Mit Hilfe der vor wenigen Tagen gestarteten Onlinepetition Save Crypto fordern Bürgerrechtsorganisationen wie Human Rights Watch und Unternehmen wie Mozilla, Twitter und Dropbox von Präsident Obama eine klare Positionierung zugunsten sichererer Verschlüsselung. 55.000 Menschen haben die Petition bereits mitgezeichnet.

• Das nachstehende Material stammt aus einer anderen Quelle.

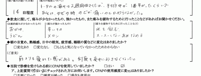 A:(痛みの程度について) トータルの痛みは2週間位でしたが、手術中が1番辛かったくらいで、あとはカゼの時、のどが痛いのとかわらなかった。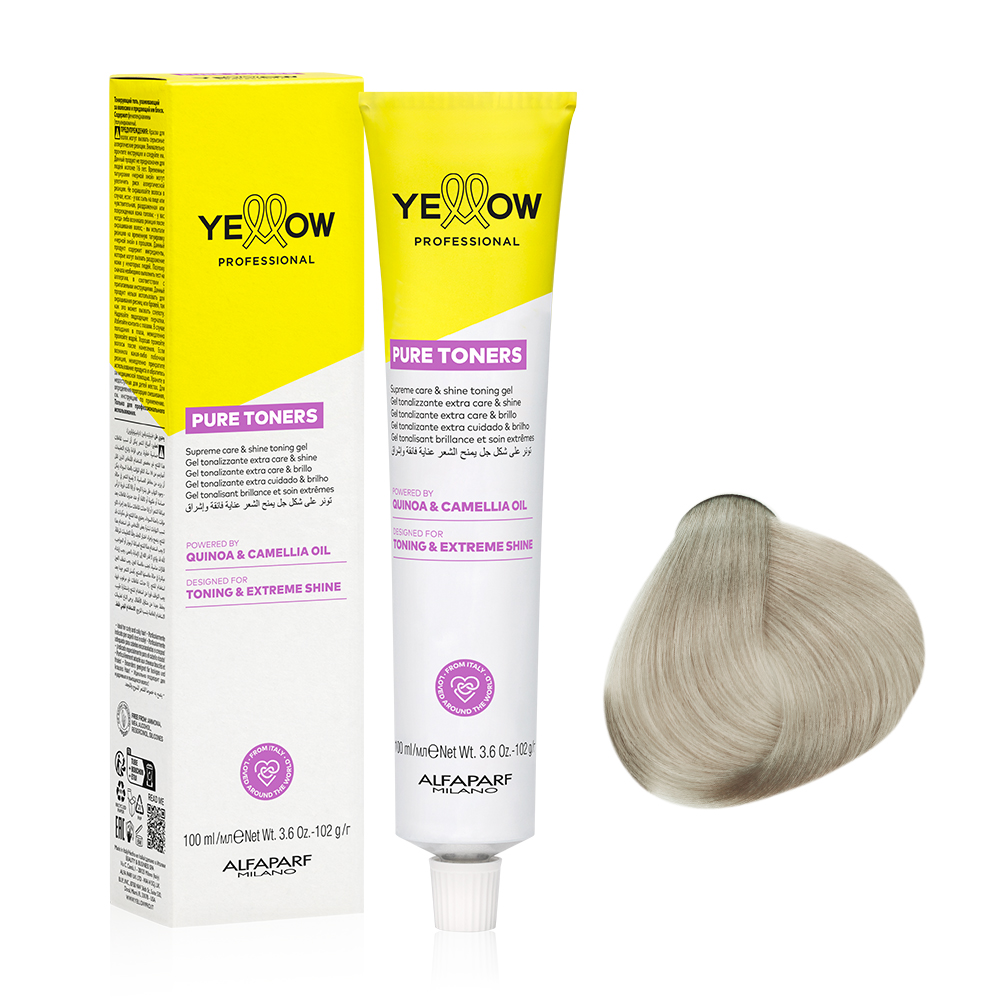 Тонирующий гелевый краситель YELLOW PURE TONERS - это полуперманентный безаммиачный краситель с эффектом интенсивного ухода.

Auch in Industrie und Politik gab es zunehmend Bedenken an den Plänen. Große Unternehmen wie Apple, Facebook und Google entdeckten im vergangenen Jahr die Verschlüsselung für sich und warnten gleichzeitig davor, dass eine neue Gesetzgebung dem Vertrauen in amerikanische Software und somit auch der Wirtschaft nachhaltig schaden könnte. Denn Hintertüren dienen nicht nur den Behörden; sie sind immer auch ein Ziel für Hacker und damit eine potenzielle Bedrohung für alle Nutzer. Niemand kann garantieren, dass ein solcher Zweitschlüssel nicht in die Hände von Kriminellen fällt. Selbst der frühere CIA- und NSA-Direktor Michael Hayden sagte am Dienstag, dass die USA "von besserer Verschlüsselung mehr profitieren als davon, schwache Verschlüsselung einzuschleusen".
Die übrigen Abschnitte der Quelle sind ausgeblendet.